Renee doesn't really interact with the employees to ask them what they do but from her perspective she said that she sees the same people playing volleyball and sitting around regularly. Her impression is that they don't do much work but I think that they do a lot of thinking. They must need all that fresh food to keep their brains sharp so that we can just enter words on a screen and find what we need.

But what we (being the rest of us) really need every day is food as fresh, attractive and delicious as what they serve at Google.
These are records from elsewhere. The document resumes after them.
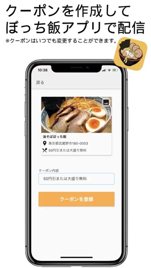 ぼっち飯加盟店舗がクーポンを発行するために利用するアプリです。このアプリを利用して自分のお店をたくさんの人に認知してもらい無事にぼっちを回避できた人が最高な思いをします。
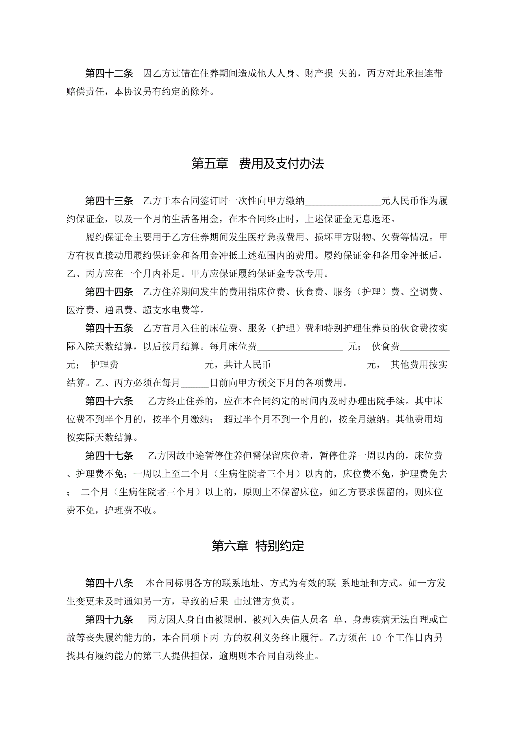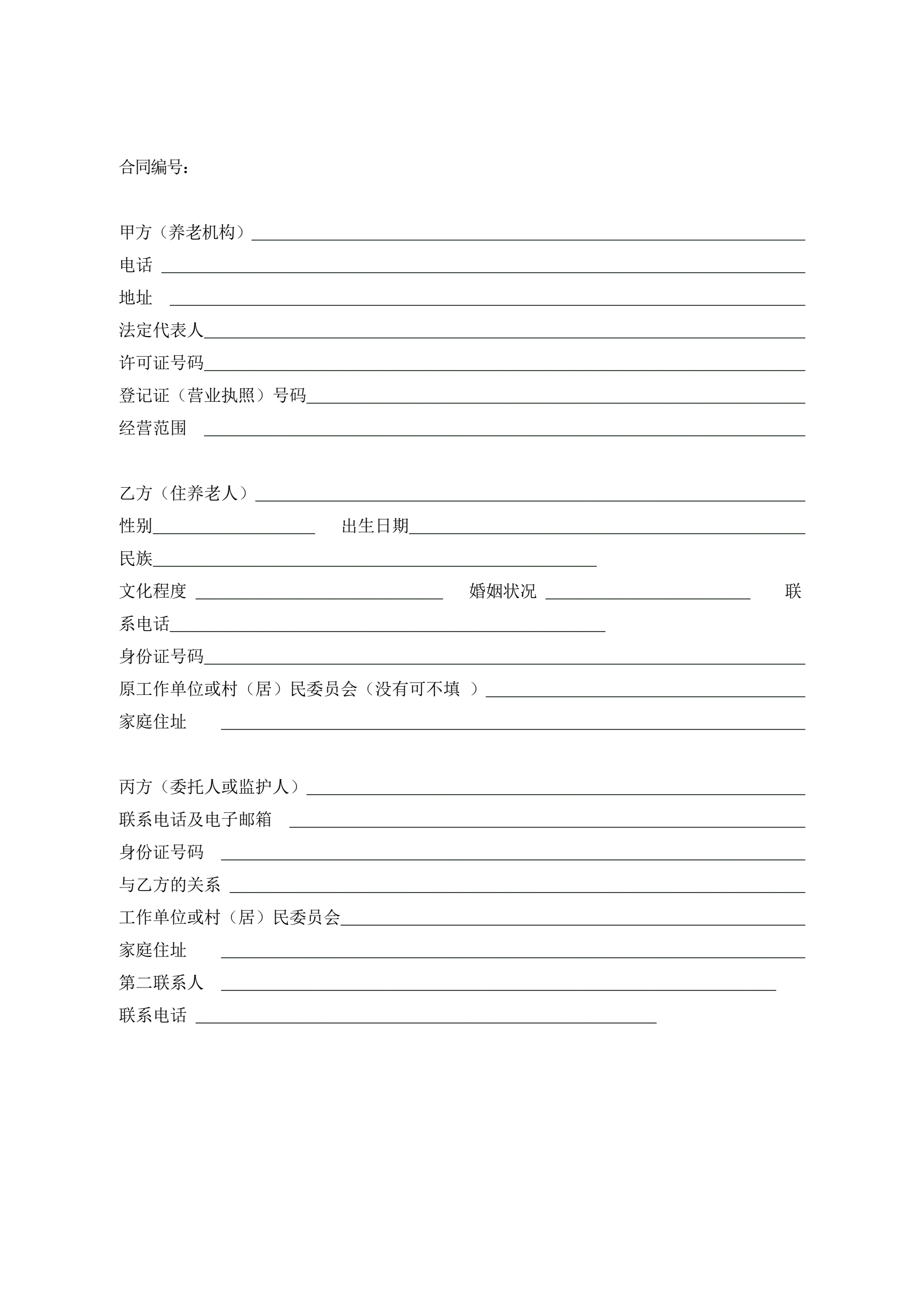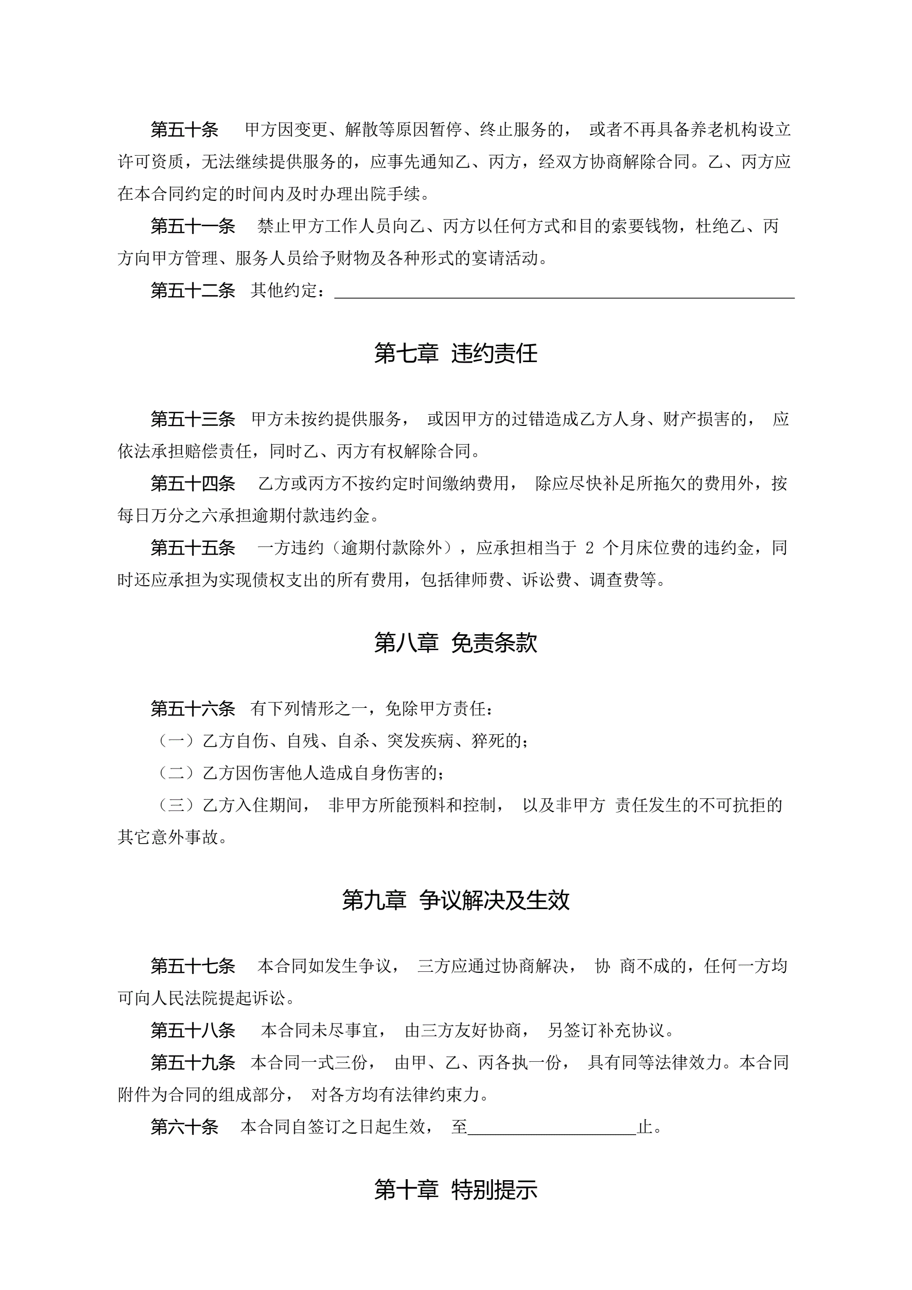 浙江省养老机构服务合同(示范文本)
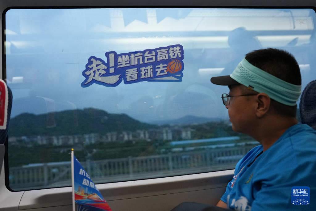 一名球迷乘坐杭台高铁赴台州观看“浙BA”比赛(9月10日摄)。

If you want to know more, just ask me. (I had to sign a non-disclosure agreement when I entered the campus so I am not sure what I can divulge.)

Most impressive were the fresh shots of wheatgrass at lunch and kombucha cockatils in the morning. Free food also means mostly free reign for the chefs which results in food that makes showing up at work worth it.

I hope that I get invited for a return visit to see what's on the menu next time.

Third Corner, San Diego - Wine Galore

One very interesting stop in San Diego was at The Third Corner, a restaurant in a wine shop. They serve small plates, tapas style and you get to choose your wine from their truly fabulous selection of wine from around the world. Since I was alone, I didn't eat there only because I can truly only drink a glass of wine with some food and that's my limit (at least according to the chart that they sent me with my license renewal). I was also on my way to someone's house for a visit. But I enjoyed perusing the wine selection and viewing the menu. When I get back to San Diego, I'll take a friend and check out the food and ambiance. They are only open for dinner. It will give me another reason, other than yoga and the coop to return to Ocean Beach.

Thursday, May 25, 2006

Dining Out and Being Green

Having had the chance to travel a bit this year, I have eaten in a number of restaurants -- actually more than I care to. By now, you probably know that I like fairly simple and very fresh meals that I prepare at home. But when I was in San Diego recently someone suggested that I eat a restaurant named Region.

They are a certified green restaurant. I like that idea but I found the menu far too meaty for me. The chef, Michael Stegner, focused on the meat and didn't have a vegetarian entree on the menu, and other than salad fthere were few vegetarian choices. I called ahead and asked what they could make me and it was going to be pasta with any of the available veggies. I figured that would be fine. (And it was delicious with mushrooms and snow peas albeit far too oily.)

What I didn't ask about were the prices. When i saw that most of the entrees were in the $25+ price range it made me feel like I come from some hick town but the truth is that I live in Sonoma County which is Wine Country. Region did not appear to be an incredibly upscale place but maybe it is. Or maybe being green boosts the prices.

In any case, the food was fresh but not especially plentiful. I expect more greens in a $7 salad since at wholesale a pound of great lettuce probably doesn't cost more than $4. By now, you know that I am a salad fiend.

The meal did end on a very sweet note, as I ordered the strawberry rhubarb crisp. It was as good or better than what I would make at home. I would have preferred it without the vanilla ice cream but that was my only gripe there.

I guess that eating at Lark in Seattle gave me a great meal by which to gauge others. Region didn't live up to that for me. If you eat there, please let me know what you think.

Also while in San Diego, I ate at Kung Food -- a vegetarian, organic restaurant and salad bar that has a drive-through window for burgers and fries. It's pretty close to the airport so I stopped there for some sustenance for my trip home to Santa Rosa. Their food really hit the spot. For less than $10, I ate a very filling burger, topped with mushrooms and grilled onions, and a salad. They also offered entrees by the pound (I think around $7) to eat there or to go. I would highly recommend that you stop there for tasty, fresh and filling food that will fit almost any budget.



Angels and Healthy Food

Yesterday I left the safe confines of Sonoma County and headed to the big city, San Francisco, to attend a workshop about Healthy Food in hospitals, cafeterias and other institutions held at UCSF Medical Center. The event was from 1 to 3:30 which couldn't be a much worse time of day for me and the traffic coming home.

I am working on a project to help make the food in the local Kaiser Permanente Cafeteria healthier. It's a concept that just has to happen. But the logistics of making this change are not simple.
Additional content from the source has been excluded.